Русская поэтика, русская просодия, лексика, – традиция, в конце концов, – ведет себя как мать, пожирающая собственных детей, практически не оставляя априорно иноязычному автору сохранять особенности – не то чтобы описания, но даже видения, внутреннего и внешнего.

Она, бесспорно, пожрала киргиза Айтматова; думаю, достаточно обкорнала горячо любимого мною белоруса Быкова; сослужила недобрую службу чувашу Айги. И без того заикавшийся, пациент стал попросту темным (не Темным, увы!), благодаря чему закрепил за собой сомнительное звание главного шамана страны. Особо жестоко обошлась с евреями, склонив к вульгарному трамвайному акценту Бабеля, выхолостив Самойлова, подменив Бродскому высокую семитскую задышливость резиновой рациональной жвачкой.

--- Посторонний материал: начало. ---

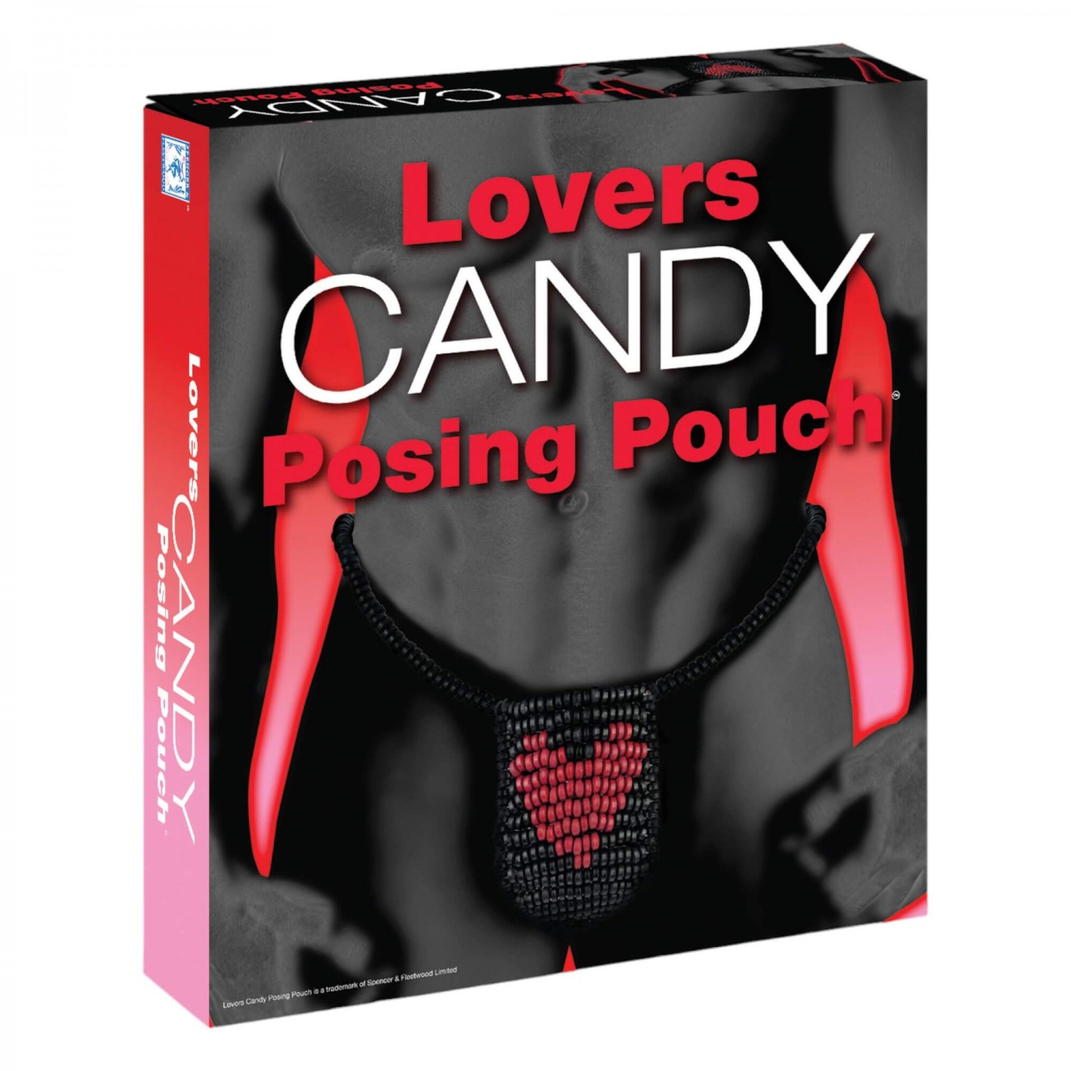 1 darab ehető férfi tanga fekete cukorkákból, elöl piros szívmintával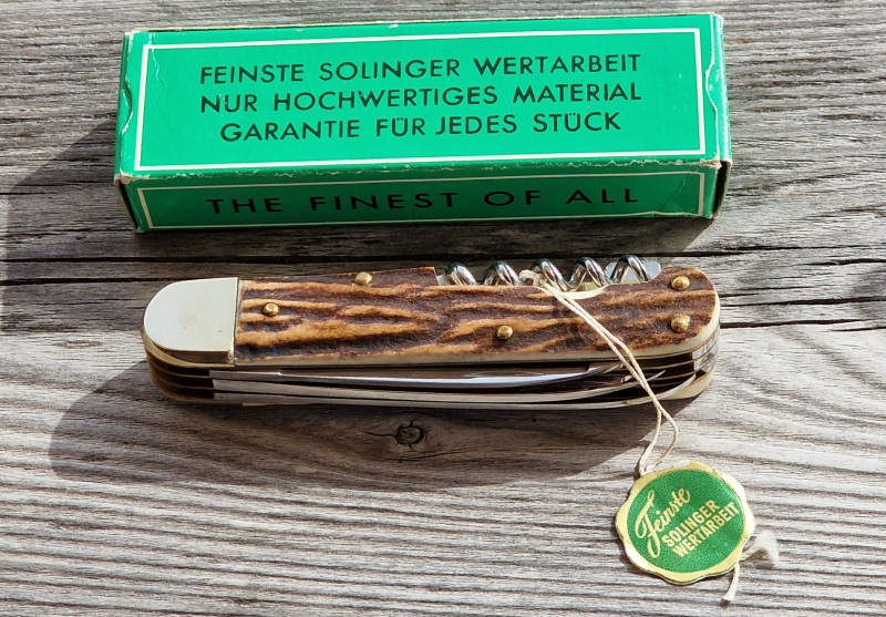 Anton Wingen Jagdmesser Hirschhorn 4tlg 1980's Neu mit OVPeGun-ID: 20355691

Отчего Бродскому не идет холодный рационализм, как идет он Милошу и прочим «католикам»? Бродский – еврей, и по типу восприятия не может быть индивидуалистом. Он в принципе не может рассуждать в диалоге с божеством, ибо последнее не говорит с ним, но говорит, посредством его, с евреями. Еврейские пророки вообще не могли быть – Шишков, прости! – интровертами, эзотериками, поскольку к ним никто и не обращался, так что не с чего было погружаться в себя, ничего не толкуя.

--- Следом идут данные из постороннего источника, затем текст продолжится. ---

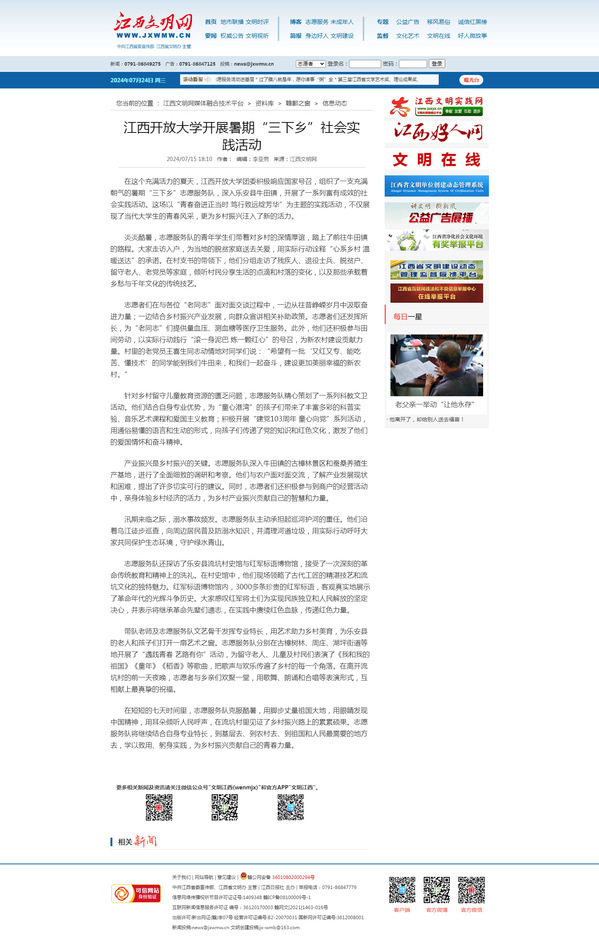 在这个充满活力的夏天,江南官方体育官方入口(China)官方网站团委积极响应国家号召,组织了一支充满朝气的暑期“三下乡”志愿服务队,深入乐安县牛田镇,开展了一系列富有成效的社会实践活动。这场以“青春奋进正当时 笃行致远绽芳华”为主题的实践活动,不仅展现了当代大学生的青春风采,更为乡村振兴注入了新的活力。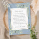 Apresentando delicadas folhas de cor d'água em um fundo azul empoeirado, esta elegante obrigado do dia do casamento que você recebe pode ser personalizada com sua mensagem de obrigado especial. Um obrigado especial para os seus hóspedes. Projetado por Thisnotme©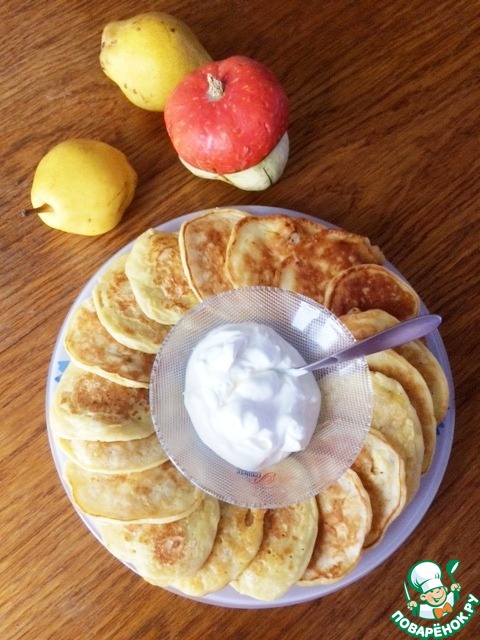 Рецепт «Тыквенные оладьи с яблоком и грушей»:
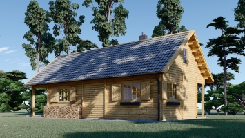 A casa modelo AURA tem um grande terraço coberto (com 30 m²) na parte frontal e lateral da casa que oferece o local perfeito para desfrutar de momentos relaxantes ao ar livre. Uma varanda elegante: um ótimo lugar para relaxar um pouco e aproveitar cada segundo. Uma sala principal espaçosa que permite criar o espaço ideal para descansar com toda a sua família. 2 quartos amplos no segundo andar que garantem a máxima privacidade para todos os moradores. Uma sala compacta separada no primeiro andar, ideal como escritório em casa ou quarto de hóspedes. Casa de banho grande que oferece o melhor conforto residencial. A nossa linda casa de madeira AURA pode ser o que procura. Oferece uma combinação perfeita de espaço interior e exterior e garante o máximo conforto e uma experiência de vida relaxante. Esta casa pode ser um verdadeiro sonho tornado realidade para quem admira soluções arquitetónicas em madeira e um estilo de vida mais natural.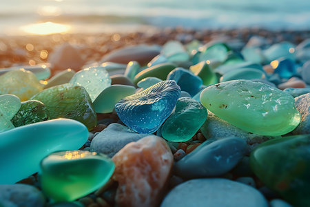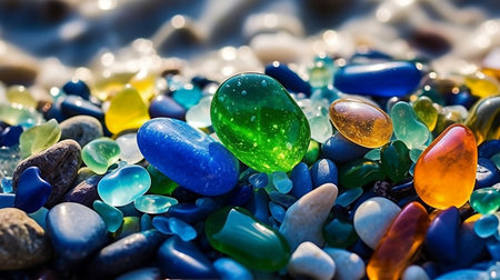 Colorful gemstones on a beach. Polish textured sea glass and stones on the seashore. Green, blue shiny glass with multi-colored sea pebbles close-up. Beach summer Ai generated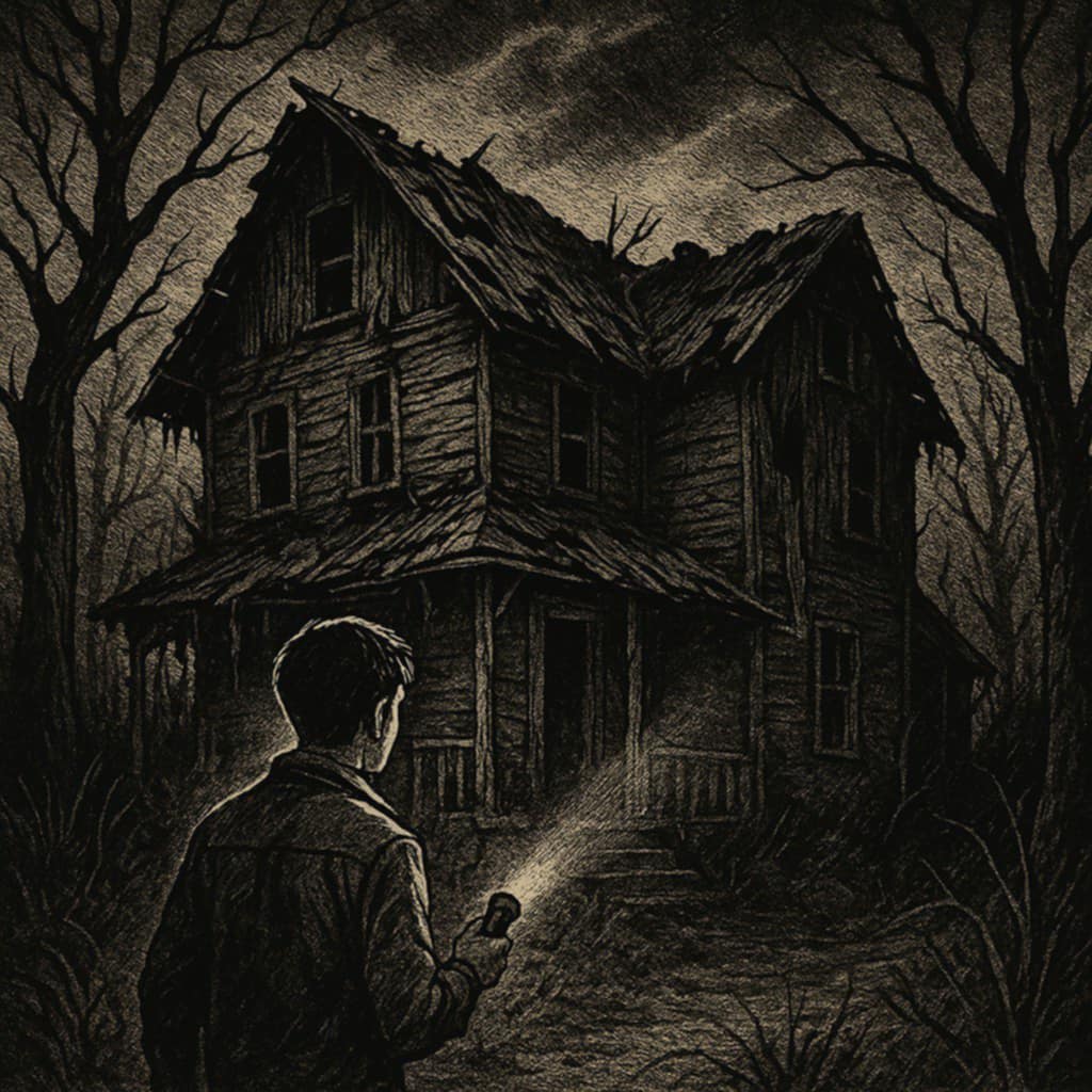 He brought a small camera, his phone, and a flashlight the following day, just before dusk. He told himself, "Just for fun." He followed a narrow trail through the trees, birds screeching overhead as if warning him. Finally, the Hollow House emerged from the shadows—looming like a skeleton in the dying light.

Скопческая проницательность, преподносящая зло как материально-техническую базу культуры, отрабатывает свою правоту в душном воздухе, обожженном до младенческой красноты наждаком пустыни. Нужно сдаться на ее милость, чтобы, довольствуясь двумя-тремя ходами на местном пейзаже, спастись, избежав служения чужому злу.

Некое дикарское восхищение консервными банками фильмов и мишурой магнитофонных бобин на фоне мудрого ведения достаточности горсти песка и капли амальгамы для наслаждения смутной и зыбкой многогранностью бытия.

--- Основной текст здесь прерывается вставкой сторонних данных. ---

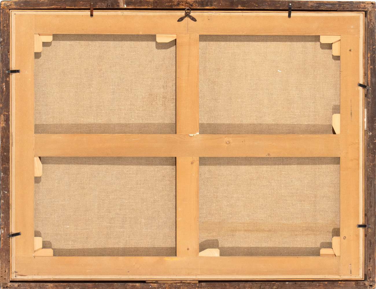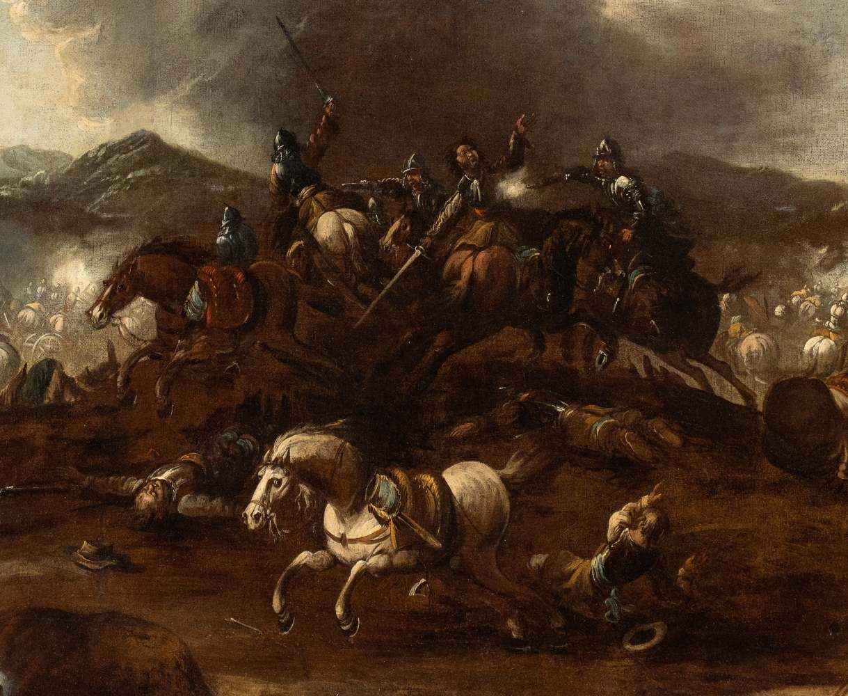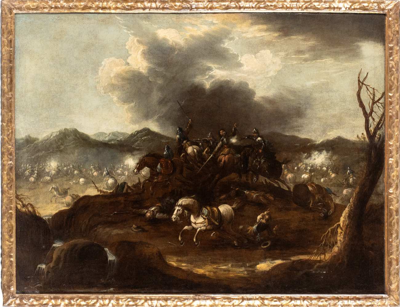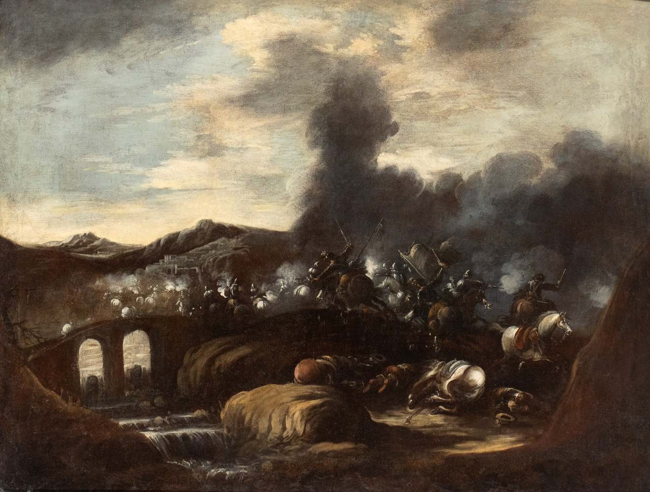 a) Scontro di cavallerie in campo aperto; b) scontro di cavallerie nei pressi di un ponte. Coppia di dipinti Olio su tela cm. 93x123 cad. Con cornice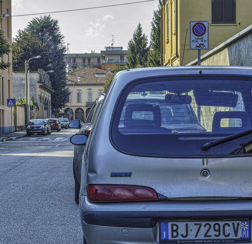 @Bubu: 500% sotto PS CC 2017 con ottimizzata l'interpolante da Preferences PS (zoom in tempo reale, non Resize, ma non è che migliori molto con Resize). Poi Snipping Tool, del resto usato anche sul 500% Irfanview. Per restare nell'argomento diffrazione, questo è un esempio tipico di Merrill f/16, fuoco sullo sfondo, Seicento a 3.7m, notare come si leggono i caratteri piccoli della targa (secondo Merklinger: 30/16=~2mm)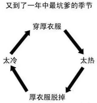 所以武汉人最近一直忙一件事:穿袄子,脱袄子,洗袄子,收袄子,找袄子,穿袄子,脱袄子,洗袄子,收袄子,穿袄子……哎!看了天气预报,明天还得穿袄子。武汉这两天的天气用一段话形容就是:路上,一个穿夹克的和一个穿袄子的擦肩而过,相互瞄了一眼,然后各自心里默念了句:像尼玛个苕!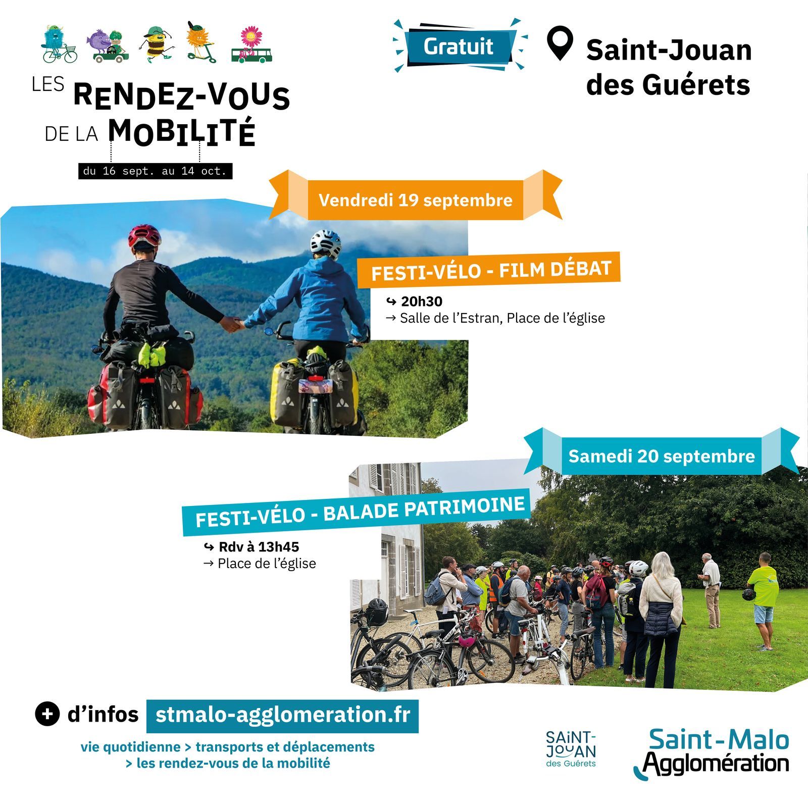 En partenariat avec Saint-Malo Agglomération, le comité consultatif sur les mobilités à Saint-Jouan des Guérets inaugure le Festi-vélo. Deux temps forts sont prévus :

Открытие мира странником, плывущим на стеклянном корабле, с посохом, рассыпающимся при ударе о сушу; с аллергической реакцией на сам сюжет путешествия: отсюда страсть к комментированию собственных стихов – в контексте, но вне контакта со стихией, их породившей.

Древняя память, ныне утраченная, или, по Фоменко, пока что не обретенная. Поиск соответствий там, где их нет, и подозрение (прозрение?) случайности в областях четкой зависимости и заведомой обусловленности.

Перенасыщенность реалиями, неумение остановиться в перечислении вех и ступеней, уход по которым от безымянного песка и придонного дыхания жизни настолько реален, что соблазном становится путь домой (вопреки Гераклиту), вниз. «Путник среди растительного пейзажа отпускает птицу, и сразу им „обоим становится легче“; двойные кавычки свидетельствуют о переключении голосов, авторокировка, лирическое „я“ меняется местами с «птицей», сам путник исчезает в полуденном мареве».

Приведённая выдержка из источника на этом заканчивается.